Three of our favorite exercises for low back pain are planks, dead bugs, and glute bridges. While these may not completely eliminate your back pain, they typically provide relief. In addition, they will help strengthen muscles that we typically find are weak and under active in patients with back pain. Check out the form tips below!

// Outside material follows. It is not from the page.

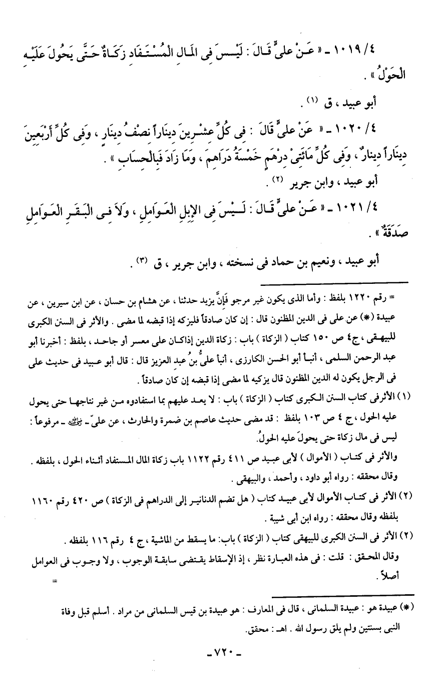 4/ 1019 - "عَنْ علىٍّ قَالَ: لَيْسَ فِى المَالِ الْمُسْتَفَاد زَكَاةٌ حَتَّى يَحُولَ عَلَيْهِ الْحَوْلُ".

Plank Exercise for Low Back Pain

We generally recommend 2 to 3 rounds of 6 to 10 repetitions, with a 5-10 second hold for each rep. Our top three key tips for properly performing this exercise are the following:

  1. Back flat from hips to head
  2. Squeeze your glutes
  3. Push your chest away from the ground

Glute Bridge Exercise for Low Back Pain

We generally recommend 2 to 3 sets of 8 to 10 reps. Our top three key tips for properly performing this exercise are the following:

  1. Low back flat to the floor
  2. Squeeze your glutes
  3. Push through your heels to lift your hips up

Dead Bug Exercise for Low Back Pain

We generally recommend 2 to 3 sets of 6 to 10 total reps. Our top three key tips for properly performing this exercise are the following:

  1. Low back flat to the floor
  2. Hips and knees held at 90 degrees
  3. Extend opposite arm and leg towards the floor, maintaining a neutral trunk position and low back flat to the floor

 

Check out the video below of Coach Tyler demonstrating these three exercises for low back pain!

 

Our YouTube channel also contains both easier and more difficult versions of these exercises. If your back pain becomes worse during any of these exercises, stop performing that one. We recommend seeing a sports chiropractor or physical therapist prior to beginning any exercise routine to help treat low back pain.